If we encounter product recalls or other product quality issues, our business may suffer. Product quality issues, real or imagined, or allegations of product contamination, even when false or unfounded, could tarnish our image and could cause consumers to choose other products. In addition, because of changing government regulations or implementation thereof, or allegations of product contamination, we may be required from time to time to recall products entirely or from specific markets. Product recalls could affect our profitability and could negatively affect our brand image.

 

Our business is subject to many regulations and non-compliance is costly. The production, marketing and sale of our beverages, including contents, labels, caps and containers, are subject to the rules and regulations of various federal, state and local health agencies. If a regulatory authority finds that a current or future product or production batch or “run” is not in compliance with any of these regulations, we may be fined or have our production stopped, which would adversely affect our financial condition and results of operations. Similarly, any adverse publicity associated with any non-compliance may damage our reputation and our ability to market successfully our products. Furthermore, the rules and regulations are subject to change from time to time and while we will closely monitor developments in this area, we cannot anticipate whether changes in these rules and regulations will impact our business adversely. Additional or revised regulatory requirements, whether labeling, environmental, tax or otherwise, could have a material adverse effect on our financial condition and results of operations.

 

Significant additional labeling or warning requirements may inhibit sales of affected products.
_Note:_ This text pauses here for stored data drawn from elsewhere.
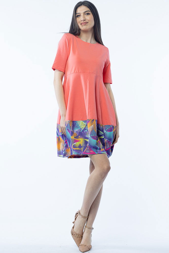 Pierino Rochie lalea din bumbac corai, cu imprimeu la poale
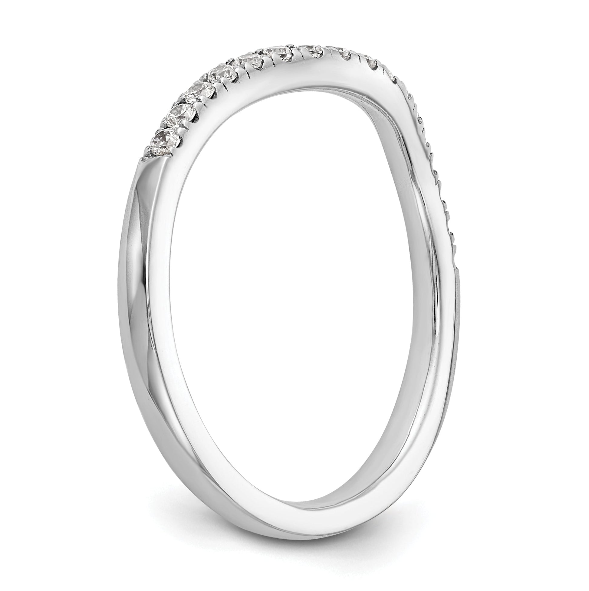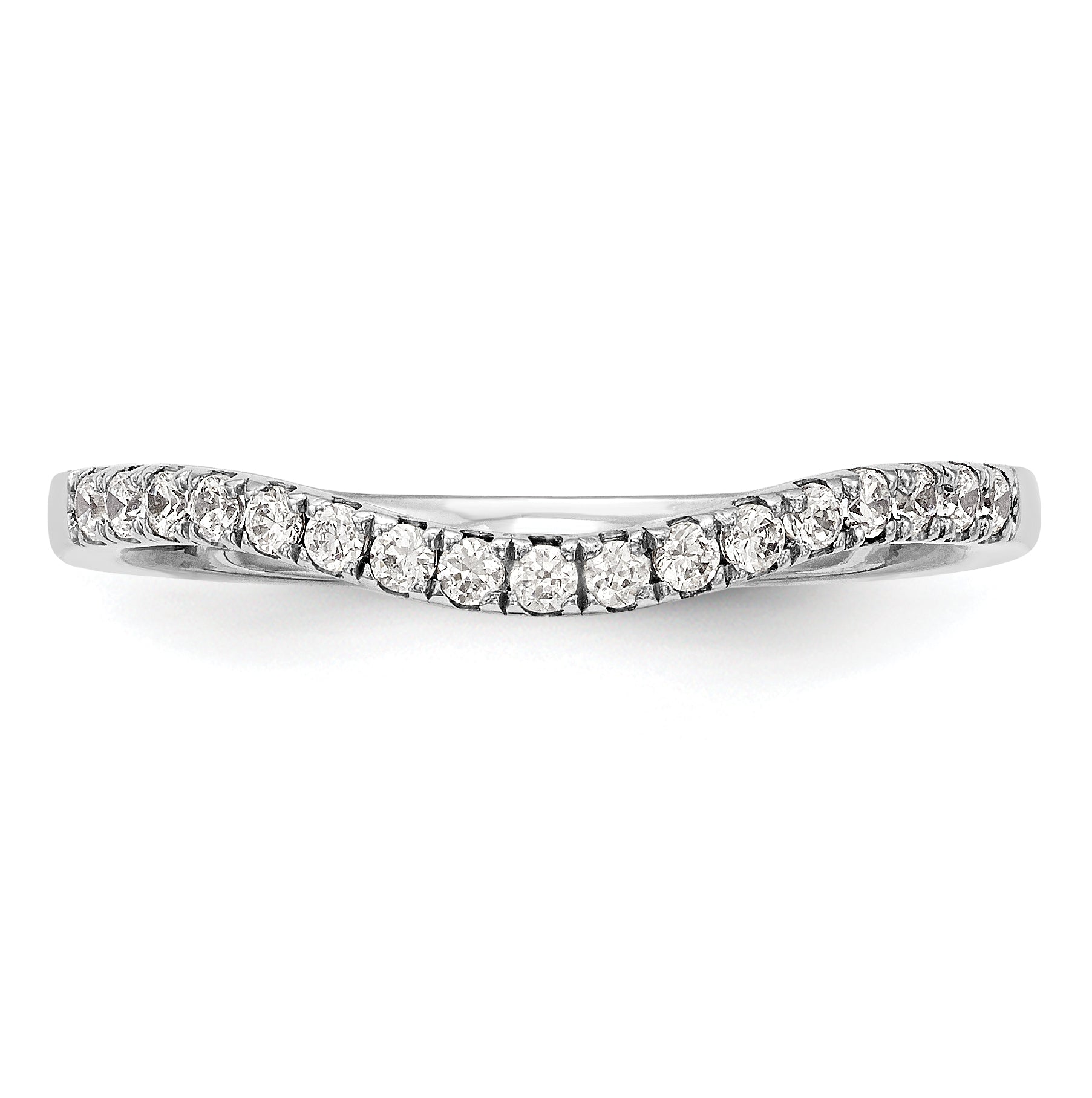 The ring features 17 cubic zirconia stones, and the band is tapered at 1.8 to 2mm width. The stone weight is 0.012ct, and the clarity is I1 (AA). The ring is available in sizes 6 to 8, with a sizing adjustment increment of 0.25. While it is complete with all its stones included, it is not recommended for engraving. This product is sold individually, making it perfect for those looking for one ring to complete their special day. The ring is also available in white color and is considered a closed back. The round-cut stones are sized at 1.4mm, and the overall thickness is less than two millimeters. Upgrade your wedding band game with this CZ Solid Real 14K White Gold Wedding Band Ring from Goldia today.
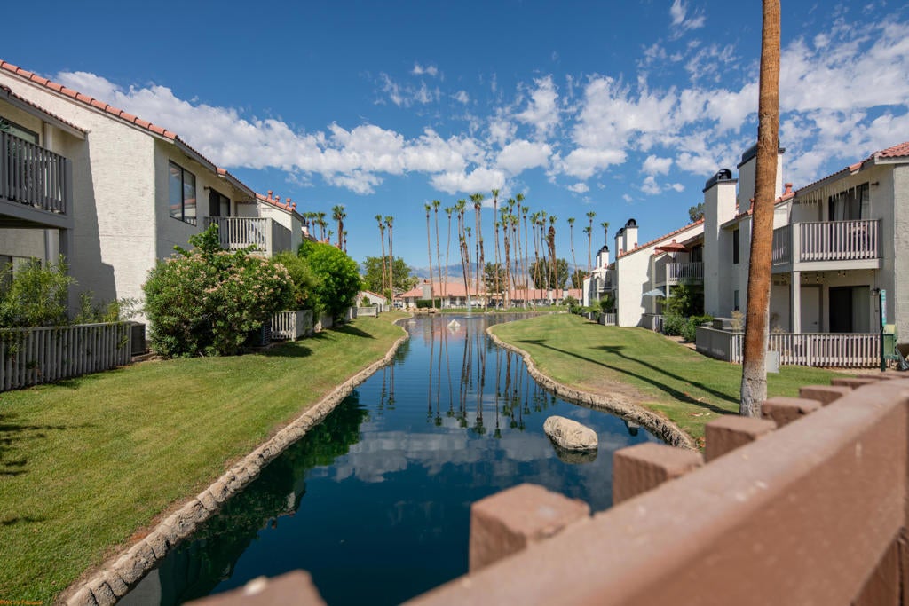 One of the best values in Palm Desert! This move in ready 2 bedroom, 1 bath home is filled with natural light, featuring an open-concept living and dining area that flows seamlessly into the kitchen. The kitchen includes ample cabinet space which leads one out to the private patio with tranquil pond views The unit also offers in unit laundry for everyday convenience and an assigned covered parking space just steps away. Whether you're looking for a full-time residence, a seasonal escape, or an investment property with strong rental potential, this home checks all the boxes. Palm Lake offers resort-style amenities including two pools and spas, tennis and volleyball courts, a fitness center, clubhouse, and more--all just minutes from world-class shopping, dining, and entertainment on El Paseo, Palm Desert Charter Middle School & Palm Desert High School.

Various jurisdictions may seek to adopt significant additional product labeling or warning requirements relating to the chemical content or perceived adverse health consequences of certain of our planned products. These types of requirements, if they become applicable to one or more of our planned products under current or future environmental or health laws or regulations, may inhibit sales of such products. In California, a law requires that a specific warning appear on any product that contains a component listed by the state as having been found to cause cancer or birth defects. This law recognizes no generally applicable quantitative thresholds below which a warning is not required. If a component found in one of our planned products is added to the list, or if the increasing sensitivity of detection methodology that may become available under this law and related regulations as they currently exist, or as they may be amended, results in the detection of an infinitesimal quantity of a listed substance in one of our beverages produced for sale in California, the resulting warning requirements or adverse publicity could affect our sales.

 

Litigation or legal proceedings could expose us to significant liabilities and damage our reputation. We may become party to litigation claims and legal proceedings. Litigation involves significant risks, uncertainties and costs, including distraction of management attention away from our business operations. We evaluate litigation claims and legal proceedings to assess the likelihood of unfavorable outcomes and to estimate, if possible, the amount of potential losses. Based on these assessments and estimates, we establish reserves and disclose the relevant litigation claims or legal proceedings, as appropriate. These assessments and estimates are based on the information available to management at the time and involve a significant amount of management judgment. Actual outcomes or losses may differ materially from those envisioned by our current assessments and estimates. Our policies and procedures require strict compliance by our employees and agents with all U.S. and local laws and regulations applicable to our business operations, including those prohibiting improper payments to government officials. Nonetheless, our policies and procedures may not ensure full compliance by our employees and agents with all applicable legal requirements. Improper conduct by our employees or agents could damage our reputation or lead to litigation or legal proceedings that could result in civil or criminal penalties, including substantial monetary fines, as well as disgorgement of profits.

 

Water scarcity and poor quality could negatively impact our costs and capacity. Water will be a main ingredient in each of our planned products, is vital to the production of the agricultural ingredients on which our business relies and is needed in our manufacturing process. As the demand for water continues to increase, and as water becomes scarcer and the quality of available water deteriorates, we may incur higher costs or face capacity constraints and the possibility of reputational damage, which could adversely affect our profitability or net operating revenues.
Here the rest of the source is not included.